Start of TASK INPUT

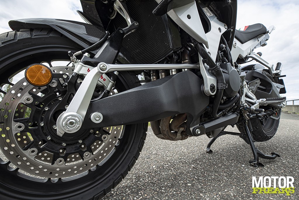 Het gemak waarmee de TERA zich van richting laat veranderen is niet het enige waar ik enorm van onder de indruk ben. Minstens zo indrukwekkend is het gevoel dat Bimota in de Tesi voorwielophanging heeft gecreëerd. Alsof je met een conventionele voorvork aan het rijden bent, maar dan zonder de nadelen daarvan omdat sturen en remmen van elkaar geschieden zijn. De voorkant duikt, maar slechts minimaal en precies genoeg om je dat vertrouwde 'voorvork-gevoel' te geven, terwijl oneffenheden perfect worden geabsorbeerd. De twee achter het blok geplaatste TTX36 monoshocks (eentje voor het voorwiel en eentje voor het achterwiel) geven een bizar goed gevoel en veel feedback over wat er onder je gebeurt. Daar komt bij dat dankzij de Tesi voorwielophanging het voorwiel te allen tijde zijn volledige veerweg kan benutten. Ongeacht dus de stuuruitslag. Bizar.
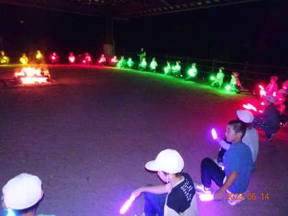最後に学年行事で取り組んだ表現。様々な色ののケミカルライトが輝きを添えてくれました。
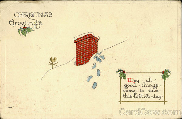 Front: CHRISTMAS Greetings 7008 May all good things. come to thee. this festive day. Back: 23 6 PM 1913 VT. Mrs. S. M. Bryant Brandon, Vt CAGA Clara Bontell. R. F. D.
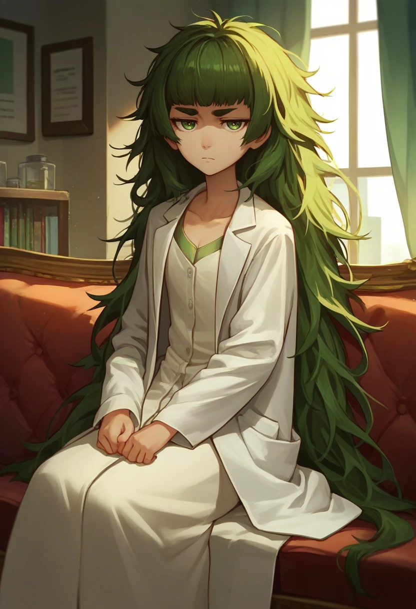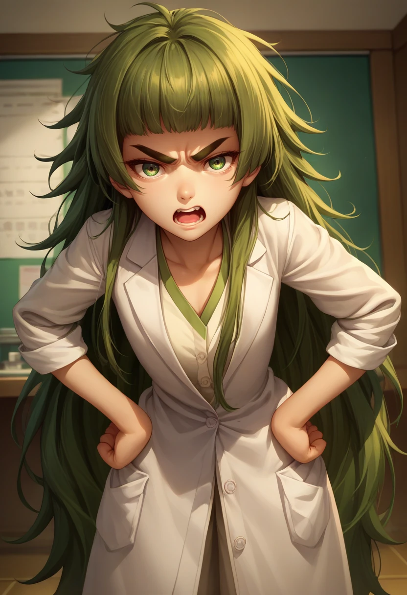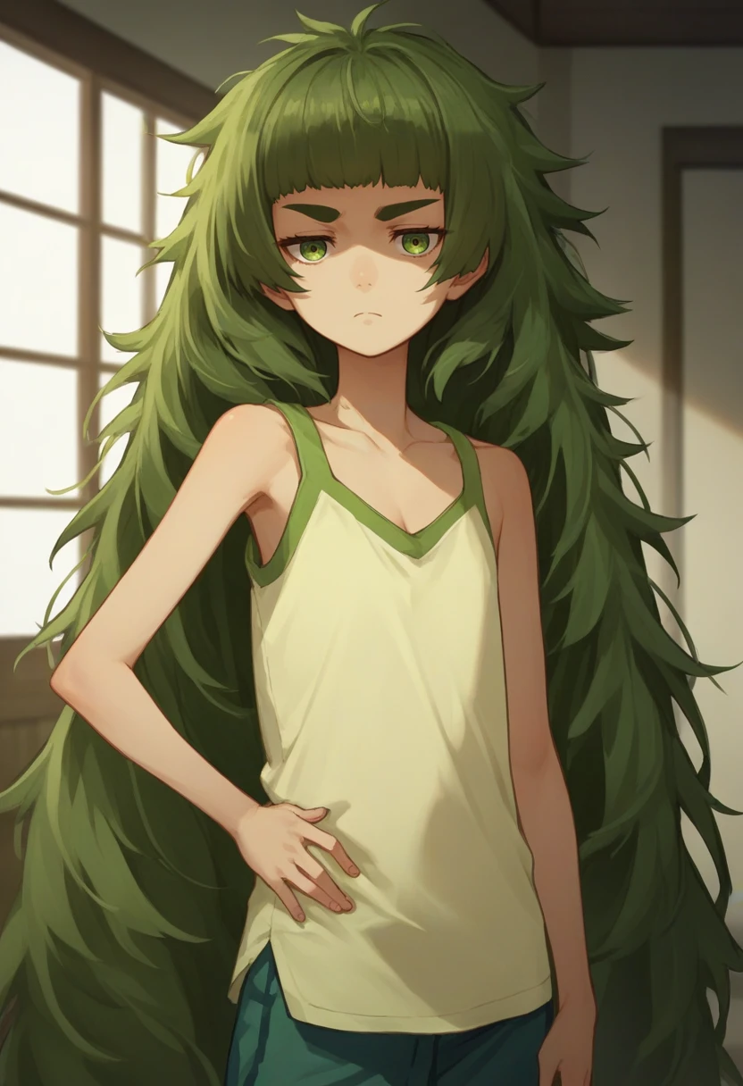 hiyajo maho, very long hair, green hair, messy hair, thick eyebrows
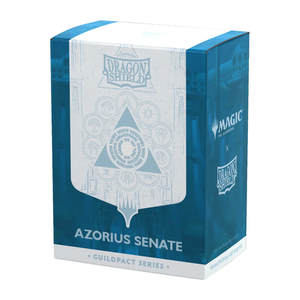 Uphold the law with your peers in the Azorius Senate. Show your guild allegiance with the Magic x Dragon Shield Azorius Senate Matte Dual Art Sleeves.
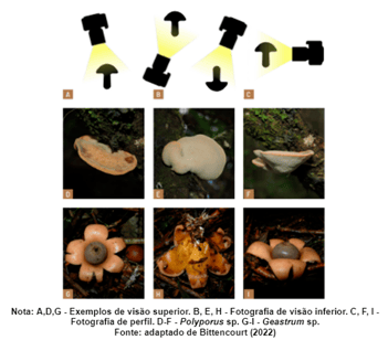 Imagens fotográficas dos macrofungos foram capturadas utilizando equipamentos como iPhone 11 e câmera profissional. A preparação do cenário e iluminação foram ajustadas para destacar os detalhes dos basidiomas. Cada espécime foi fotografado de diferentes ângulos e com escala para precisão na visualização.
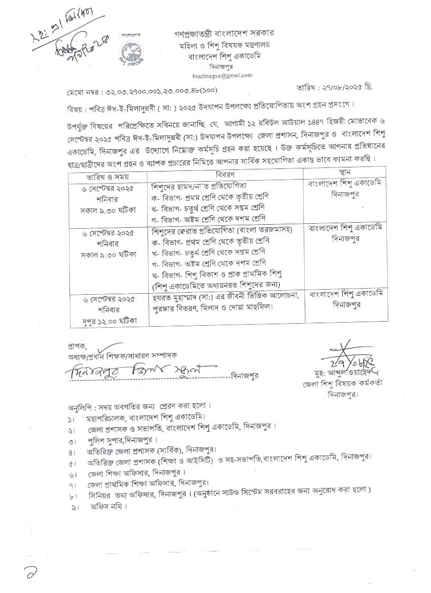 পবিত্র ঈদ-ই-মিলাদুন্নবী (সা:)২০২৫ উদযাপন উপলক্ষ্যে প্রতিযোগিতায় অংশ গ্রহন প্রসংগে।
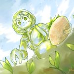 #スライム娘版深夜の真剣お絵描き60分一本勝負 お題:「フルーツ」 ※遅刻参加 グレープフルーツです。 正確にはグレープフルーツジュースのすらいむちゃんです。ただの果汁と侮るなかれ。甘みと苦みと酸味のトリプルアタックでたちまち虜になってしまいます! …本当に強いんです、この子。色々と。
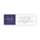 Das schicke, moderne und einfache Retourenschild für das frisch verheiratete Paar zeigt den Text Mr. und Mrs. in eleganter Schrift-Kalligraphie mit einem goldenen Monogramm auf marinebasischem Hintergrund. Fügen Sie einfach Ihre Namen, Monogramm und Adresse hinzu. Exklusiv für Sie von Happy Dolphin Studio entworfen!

End of TASK INPUT

TO DO: Pass over the images and copy the rest of the material above exactly.

TASK OUTPUT:
 Het gemak waarmee de TERA zich van richting laat veranderen is niet het enige waar ik enorm van onder de indruk ben. Minstens zo indrukwekkend is het gevoel dat Bimota in de Tesi voorwielophanging heeft gecreëerd. Alsof je met een conventionele voorvork aan het rijden bent, maar dan zonder de nadelen daarvan omdat sturen en remmen van elkaar geschieden zijn. De voorkant duikt, maar slechts minimaal en precies genoeg om je dat vertrouwde 'voorvork-gevoel' te geven, terwijl oneffenheden perfect worden geabsorbeerd. De twee achter het blok geplaatste TTX36 monoshocks (eentje voor het voorwiel en eentje voor het achterwiel) geven een bizar goed gevoel en veel feedback over wat er onder je gebeurt. Daar komt bij dat dankzij de Tesi voorwielophanging het voorwiel te allen tijde zijn volledige veerweg kan benutten. Ongeacht dus de stuuruitslag. Bizar.
最後に学年行事で取り組んだ表現。様々な色ののケミカルライトが輝きを添えてくれました。
 Front: CHRISTMAS Greetings 7008 May all good things. come to thee. this festive day. Back: 23 6 PM 1913 VT. Mrs. S. M. Bryant Brandon, Vt CAGA Clara Bontell. R. F. D.
 hiyajo maho, very long hair, green hair, messy hair, thick eyebrows
 Uphold the law with your peers in the Azorius Senate. Show your guild allegiance with the Magic x Dragon Shield Azorius Senate Matte Dual Art Sleeves.
 Imagens fotográficas dos macrofungos foram capturadas utilizando equipamentos como iPhone 11 e câmera profissional. A preparação do cenário e iluminação foram ajustadas para destacar os detalhes dos basidiomas. Cada espécime foi fotografado de diferentes ângulos e com escala para precisão na visualização.
 পবিত্র ঈদ-ই-মিলাদুন্নবী (সা:)২০২৫ উদযাপন উপলক্ষ্যে প্রতিযোগিতায় অংশ গ্রহন প্রসংগে।
 #スライム娘版深夜の真剣お絵描き60分一本勝負 お題:「フルーツ」 ※遅刻参加 グレープフルーツです。 正確にはグレープフルーツジュースのすらいむちゃんです。ただの果汁と侮るなかれ。甘みと苦みと酸味のトリプルアタックでたちまち虜になってしまいます! …本当に強いんです、この子。色々と。
 Das schicke, moderne und einfache Retourenschild für das frisch verheiratete Paar zeigt den Text Mr. und Mrs. in eleganter Schrift-Kalligraphie mit einem goldenen Monogramm auf marinebasischem Hintergrund. Fügen Sie einfach Ihre Namen, Monogramm und Adresse hinzu. Exklusiv für Sie von Happy Dolphin Studio entworfen!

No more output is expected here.